Attergau Institute Orchestra

Das Internationale Orchesterinstitut Attergau (IOIA) bietet einen jährlichen Sommerkurs für MusikstudentInnen aus aller Welt, die von Mitgliedern der Wiener Philharmoniker unter­richtet werden. Das IOIA wurde 1994 von Prof. Wolfgang Schuster, einem damaligen Schlagwerker der Wiener Philharmoniker, gegründet und ist seither im Attergau behei­matet.

Das wichtigste Ziel des Sommerkurses: jungen Musizie­renden einen Einblick in Traditionen des Orchesterspiels, wie sie von den Wiener Philharmonikern gepflegt werden, zu ge­ben. Das Repertoire des IOIA legt daher einen Schwerpunkt auf in Wien komponierte Musik, besonders auf die Werke der Wiener Klassik. Alle Instrumentengruppen werden aus­schließlich von Mitgliedern der Wiener Philharmoniker be­treut.

Das Attergau Institute Orchestra konzertierte u.a. bei den Salzburger Festspielen und wurde von herausragenden Dirigenten wie Riccardo Muti, Mariss Jansons oder Christoph Eschenbach dirigiert.

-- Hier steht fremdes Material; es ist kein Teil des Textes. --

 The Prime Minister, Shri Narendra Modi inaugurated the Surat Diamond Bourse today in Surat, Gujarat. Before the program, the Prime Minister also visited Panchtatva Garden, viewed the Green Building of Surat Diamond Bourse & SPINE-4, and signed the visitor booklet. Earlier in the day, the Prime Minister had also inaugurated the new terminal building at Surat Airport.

Der Goldegger Gastauftritt – ein bunter Abend mit Streichern und Bläsern – des rund 40-­köpfigen Orchesters aus Wiener Philharmonikern und MusikstudentInnen beschließt eine in­tensive Probenzeit im Attergau.

Sophie Dervaux ist die Solistin am Fagott, Volkhard Steude wird das Orchester vom Konzertmeisterpult leiten.

 

Das Programm:
Im Mittelpunkt stehen die Serenade für Bläser op. 7 von Richard STRAUSS (1864­-1949) und die populäre Serenade für Streicher op. 48 von Peter I. TSCHAIKOWSKI (1840­-1893).

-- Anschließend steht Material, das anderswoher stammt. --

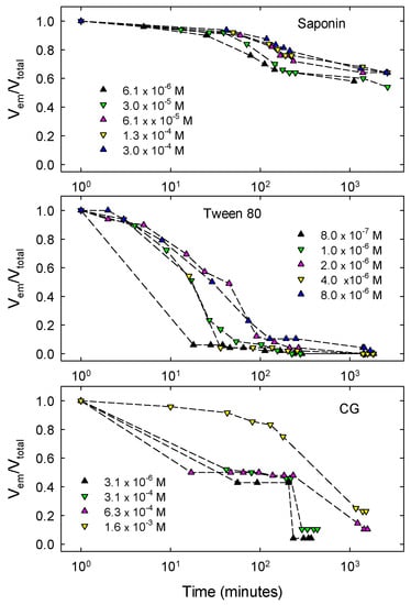 In all the cases reported a total emulsification of the samples was observed, that is, Vem/Vtotal = 1 at the initial time of the emulsion monitoring. Afterwards, emulsions evolve with different trends depending on the surfactants used. As shown in Figure 8, saponin-stabilized emulsions present a slow reduction of the volume during the first two days from the formation, with a slight dependence on the concentration. For the lowest concentration investigated, that is, 6.1 × 10−6 M, a small volume of MCT phase starts to separate after about one day from the formation, reducing the emulsion volume. For the higher concentrations, instead, the MCT phase remains totally emulsified for several days (more than 15), with the relative emulsion volume which after the reduction of the first two days maintains constant at Vem/Vtotal ≈ 0.6. The fact that no separated oil phase appears means that coalescence of MCT droplets is hindered by saponin adsorbed layers and the initial reduction of the emulsion volume is mainly due to an increased droplet compactness related to the aqueous phase drainage.

Richard STRAUSS schrieb seine Serenade – ein einsätziges Andante – für 13 Bläser in der „Blasmusik“­-Tonart Es­-Dur als 17­-Jähriger. Ohne Zweifel war W.A. Mozart das große Vorbild dafür. Die Premiere jedoch war für den angehenden Komponisten ein Ärgernis. „Noch nie war mir eine Aufführung so zuwider. Viel zu langsam, ich glaubte, sie schliefen alle ein, dann stimmten die Bläser absolut nicht.“ Trotz allem wird die etwa zehnminütige Serenade zu Recht als „Katalysator“ für sei­ne Karriere gesehen.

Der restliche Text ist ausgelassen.